I’ve been really excited by virtualization lately, so of course I’ve been drooling over the potential of the MacBook Pro.

I considered the Macbook, but decided I enjoyed the large screen and fast graphics of the Powerbook too much to give them up.

On Monday I sold my G4 Powerbook to a friend of mine, and ran to the Apple store to buy the MacBook Pro. I spent a full ten minutes explaining how I was buying one “today” to the spiky-haired Mac sales guy, who promptly walked off. I found another salesperson, named Sulgi Kim, who was very nice and gave me a discount on my .Mac subscription along with my new notebook.

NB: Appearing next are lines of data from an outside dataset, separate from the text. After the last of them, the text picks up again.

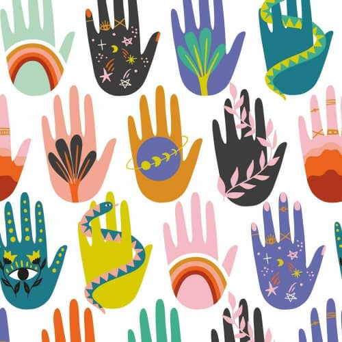 Przedstawia kolorowe dłonie pokryte różnymi motywami takimi jak tęcza, liście, kwiaty.
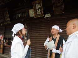 が一行を迎えてくれます。境内へ入ると、歴史を感じさせる壁に、白い線が五本。
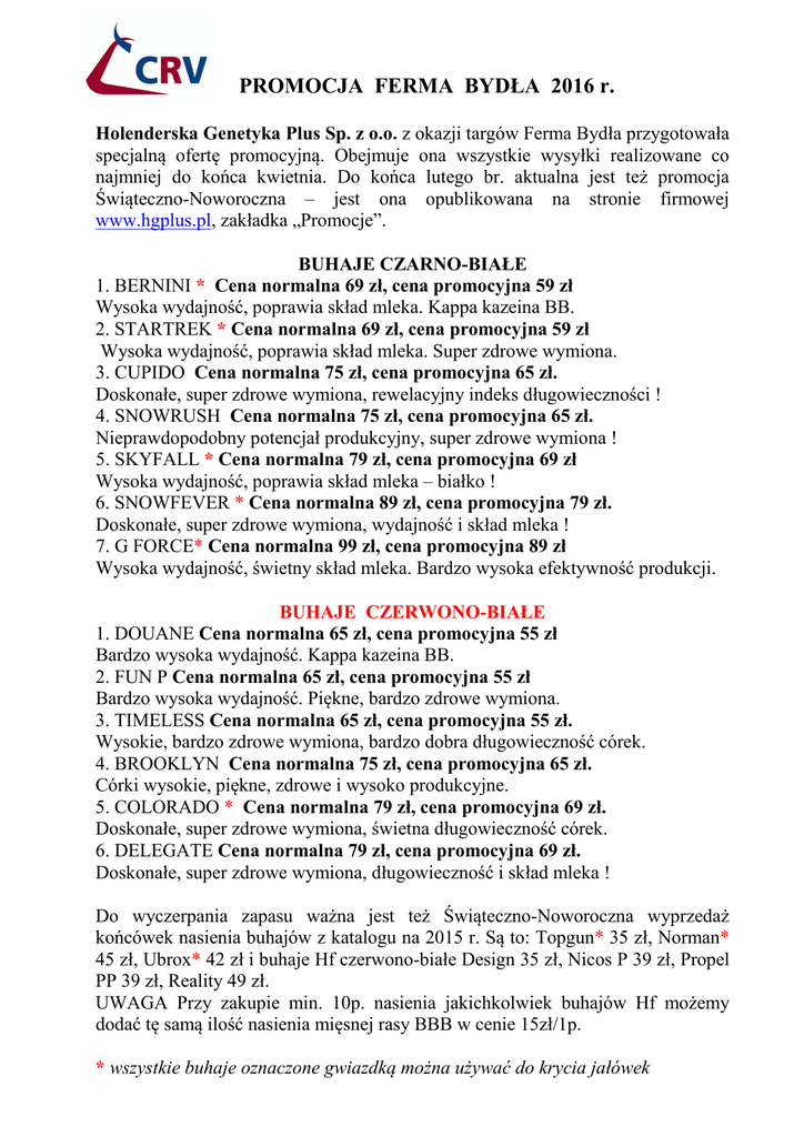 PROMOCJA FERMA BYDŁA 2016 r. Holenderska Genetyka Plus Sp. z o.o. z okazji targów Ferma Bydła przygotowała specjalną ofertę promocyjną. Obejmuje ona wszystkie wysyłki realizowane co najmniej do końca kwietnia. Do końca lutego br. aktualna jest też promocja Świąteczno-Noworoczna – jest ona opublikowana na stronie firmowej www.hgplus.pl, zakładka „Promocje”. BUHAJE CZARNO-BIAŁE 1. BERNINI * Cena normalna 69 zł, cena promocyjna 59 zł Wysoka wydajność, poprawia skład mleka. Kappa kazeina BB. 2. STARTREK * Cena normalna 69 zł, cena promocyjna 59 zł Wysoka wydajność, poprawia skład mleka. Super zdrowe wymiona. 3. CUPIDO Cena normalna 75 zł, cena promocyjna 65 zł. Doskonałe, super zdrowe wymiona, rewelacyjny indeks długowieczności ! 4. SNOWRUSH Cena normalna 75 zł, cena promocyjna 65 zł. Nieprawdopodobny potencjał produkcyjny, super zdrowe wymiona ! 5. SKYFALL * Cena normalna 79 zł, cena promocyjna 69 zł Wysoka wydajność, poprawia skład mleka – białko ! 6. SNOWFEVER * Cena normalna 89 zł, cena promocyjna 79 zł. Doskonałe, super zdrowe wymiona, wydajność i skład mleka ! 7. G FORCE* Cena normalna 99 zł, cena promocyjna 89 zł Wysoka wydajność, świetny skład mleka. Bardzo wysoka efektywność produkcji. BUHAJE CZERWONO-BIAŁE 1. DOUANE Cena normalna 65 zł, cena promocyjna 55 zł Bardzo wysoka wydajność. Kappa kazeina BB. 2. FUN P Cena normalna 65 zł, cena promocyjna 55 zł Bardzo wysoka wydajność. Piękne, bardzo zdrowe wymiona. 3. TIMELESS Cena normalna 65 zł, cena promocyjna 55 zł. Wysokie, bardzo zdrowe wymiona, bardzo dobra długowieczność córek. 4. BROOKLYN Cena normalna 75 zł, cena promocyjna 65 zł. Córki wysokie, piękne, zdrowe i wysoko produkcyjne. 5. COLORADO * Cena normalna 79 zł, cena promocyjna 69 zł. Doskonałe, super zdrowe wymiona, świetna długowieczność córek. 6. DELEGATE Cena normalna 79 zł, cena promocyjna 69 zł. Doskonałe, super zdrowe wymiona, długowieczność i skład mleka ! Do wyczerpania zapasu ważna jest też Świąteczno-Noworoczna wyprzedaż końcówek nasienia buhajów z katalogu na 2015 r. Są to: Topgun* 35 zł, Norman* 45 zł, Ubrox* 42 zł i buhaje Hf czerwono-białe Design 35 zł, Nicos P 39 zł, Propel PP 39 zł, Reality 49 zł. UWAGA Przy zakupie min. 10p. nasienia jakichkolwiek buhajów Hf możemy dodać tę samą ilość nasienia mięsnej rasy BBB w cenie 15zł/1p. * wszystkie buhaje oznaczone gwiazdką można używać do krycia jałówek
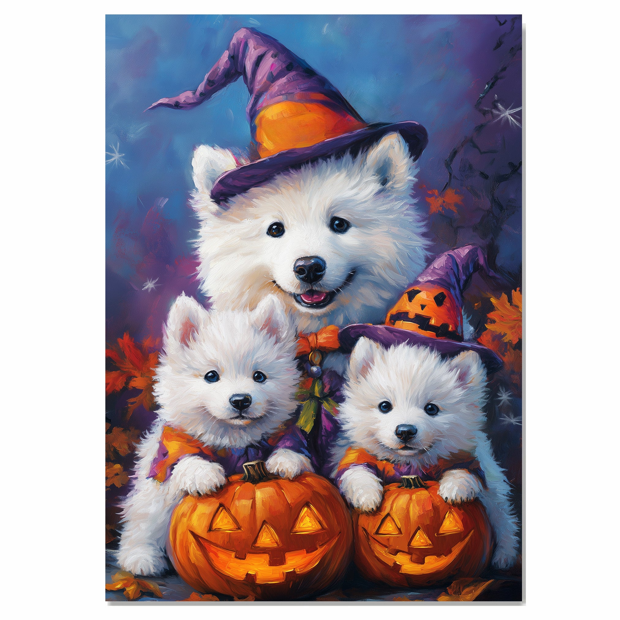 Samoyed Dog Halloween Wall Art Rustic Fall Canvas with Pumpkins Witch Hats and Autumn Leaves Farmhouse Pet Decor for Home or Bathroom on Ready to Hang 1.5" Thick Canvas Wrap, Floating Framed Canvas, Flat Rolled Canvas
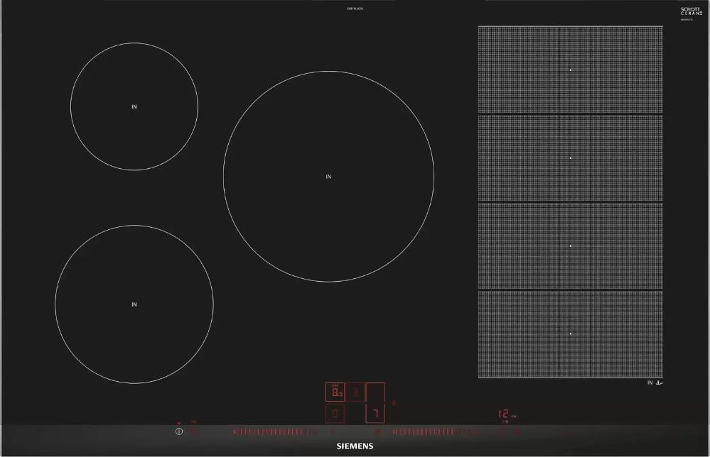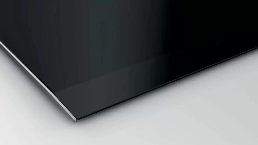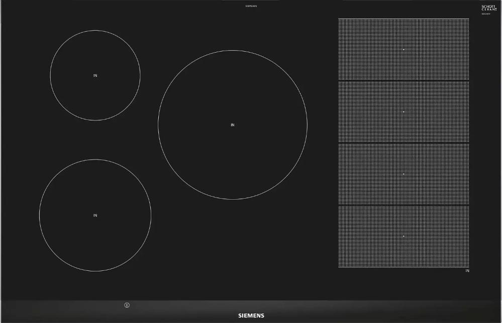 Индукционная варочная панель Siemens EX875LVC1E сочетает строгий минимализм и продуманные инженерные решения. Ее черная безрамочная поверхность из прочной стеклокерамики выглядит идеально в современных кухнях и обеспечивает аккуратный, монолитный вид после встраивания в нишу 78×51 см. При габаритах 5.1×81.2×52 см устройство занимает немного места, а толщина 5,1 см делает его визуально легким и обтекаемым.
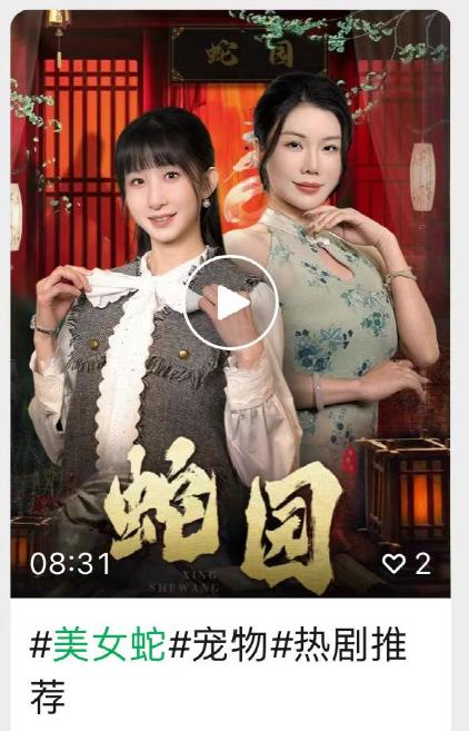 《蛇园》通过三十多集的铺垫,将视听语言、人物对话以及情节暗示都引导至民间广为流传的“美女蛇”“人彘蛇”故事(农村集会或公园肯定都看过类似表演),甚至该剧一些引流的短剧素材切片也以美女蛇、人形蛇为标签,成功吸引观众的注意力。

So far, the Macbook Pro is hands-down faster than my Powerbook. It’s hard to quantify, but in user-experience terms, things that used to take a moment now take no time at all. For example, Adium always took a second or two to load. Now it’s virtually instant.

The migration from Powerbook to MacBook was relatively painless: when prompted, I connected a firewire cable between the two laptops, and waited for about an hour. When I logged into the MacBook Pro, everything was there, just as I’d left it on my Powerbook.

Well, sort of.

Little Snitch, a nice little “outbound firewall”, kernel panicked on login, so I had to remove it. Apple’s X11 doesn’t seem to work at all, and was in fact missing until I installed it. I’m still working on it.

Regarding virtualization: I haven’t yet installed Bootcamp, but I will soon. Meanwhile, I’ve been working with both Ubuntu Linux and WinXP under Parallels, which truly rocks. WinXP is very fast under Parallels, much more so than it ever was under Virtual PC. And for $40, Parallels is a steal.